I created a small replacement for the built-in DGX Dashboard because I wanted to be able to access it without having to tunnel a port, I wanted to see RAM usage without cache/buffers, and I wanted some additional stats (like temps and CPU usage).
However when testing it after a reboot, I noticed a big diffence in the memory reported by each well beyond just what is in caches. My dashboard showed around 3GB while the built-in one showed 13GB!
I’m getting my numbers from free and it seems like these don’t match what’s shown in the built-in dashboard. Here’s a screenshot:
The dashboard shows 13GB used, but the output of free shows 3.8Gi used, 2.0Gi buffers/cache.
While there is some difference with GB/Gi, these numbers still don’t seem to add up.

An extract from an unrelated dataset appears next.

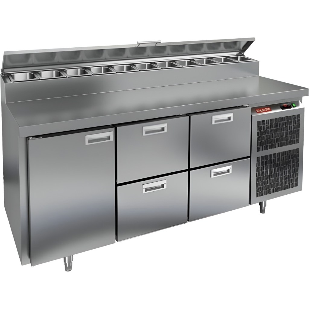 Каталог оборудования Холодильное оборудованиеСтолы охлаждаемыеСтолы холодильные для пиццыСтол холодильный для пиццы HiCold PZ2-122GN (1/6) Стол холодильный для пиццы HiCold PZ2-122GN (1/6) Код товара: 064-756 Поделиться: WhatsAppTelegram СравнитьДобавить в КПВ избранное 0 275 572 ₽ В корзину 0 шт Под заказСамовывоз сегодня бесплатно Взять в кредит Купить в лизинг Получить консультацию в WhatsApp Описание Характеристики Отзывы 0 Стол холодильный для пиццы HiCold PZ2-122GN (1/6) предназначен для кухонь и предприятий общественного питания. Он используется для раскатки теста, подготовки ингредиентов для пиццы, салатов и других блюд, а также для охлаждения и кратковременного хранения скоропортящихся продуктов. Модель совмещает нержавеющую рабочую поверхность и охлаждаемый отсек с 1 дверью и 4 ящиками, обеспечивая удобный доступ к ингредиентам и эффективное хранение. Особенности: Динамическая система охлаждения для равномерного поддержания температуры Автоматическая оттайка для удобного обслуживания Электронная панель управления для точной настройки параметров Вместительная внутренняя полка формата GN 1/1 (размер 530×325 мм) 1 дверь и 4 вместительных ящика для хранения ингредиентов Автоматические доводчики дверей с фиксатором открытого положения Легкозаменяемые магнитные уплотнители для герметичности Открытая агрегатная часть для легкого доступа к компонентам Регулируемые по высоте ножки для устойчивости Нержавеющая столешница глубиной 486 мм и толщиной 50 мм — устойчива к коррозии, легко моется и гигиенична Толщина теплоизоляции: 50 мм Максимальная глубина гастроемкостей: 100 мм Вместимость салат-бара: 11 гастроемкости Стол холодильный HiCold PZ2-122GN (1/6) — это надежный и функциональный стол для пиццы. Он объединяет рабочую поверхность и охлаждаемый отсек, упрощает хранение и подготовку ингредиентов, обеспечивает удобство работы повара и соответствует стандартам профессиональной кухни. Изображение товара, представленного на фото, может отличаться от его фактического вида. Показать все Габаритные размеры1835×700×1000 ммДиапазон рабочей температурыот +2 до +10 °CРасположение агрегатаБоковое Материал столешницыНержавеющая Тип столаС дверьми и ящиками Тип двериГлухая Объём350 лТип гастроемкостейGN 1/6 Количество дверей1 штКоличество ящиков4 штРазмер полки530×325 ммНапряжение220 ВМощность0,5 кВтТип охлажденияДинамическое Тип оттайкиАвтоматическая Габариты в упаковке2000×850×1140 ммВес нетто172 кгВес брутто210 кгБрендHicoldВсе холодильные столы для пиццы HicoldВсе нержавеющие холодильные столы для пиццы Оставить отзыв Еще никто не оставил отзыв на этот товар Ранее просмотрено Под заказ 260 272 ₽ Стол холодильный для пиццы HiCold PZ2-113GN (1/6) Под заказ 147 321 ₽ Стол холодильный для пиццы HiCold PZ1-1GN (1/3) В наличии 250 642 ₽ Стол холодильный для пиццы HiCold PZ2-1111GN (1/6)

My guess is that the dashboard could be doing 128GB minus 115Gi (“available”) to get 13, but if these are not the same units then I don’t think this is sound. It should do 119-115 to get 4Gi used (and convert that to GB if required)?
But 56076940/125513944 is 44.7%. The numbers in /proc/meminfo are in kiB (despite the confusing label) as can be inferred from MemTotal being 125x and not 128x. My suspicion was that perhaps MemFree is being treated as if it was kB resulting in the wrong amount of free memory, and the total is hard-coded as 128 (not also converted from MemTotal which would result in the correct % but the total shown as 125GB).
Can you elaborate on this? In what way would they not be accurate? I’m a bit of a noob and curious (on the surface, the numbers in this file seem reasonable for what I’m expecting).
This looks better, but still doesn’t seem correct. Here’s my output of free -h --si and free -h and you can see that the actual usage is 3.6GB/128GB or 3.3Gi/119Gi, but the dashboard is showing 3.3/128. It seems that it’s still mixing up the units (showing the used memory in Gibibytes but the total in Gigabytes).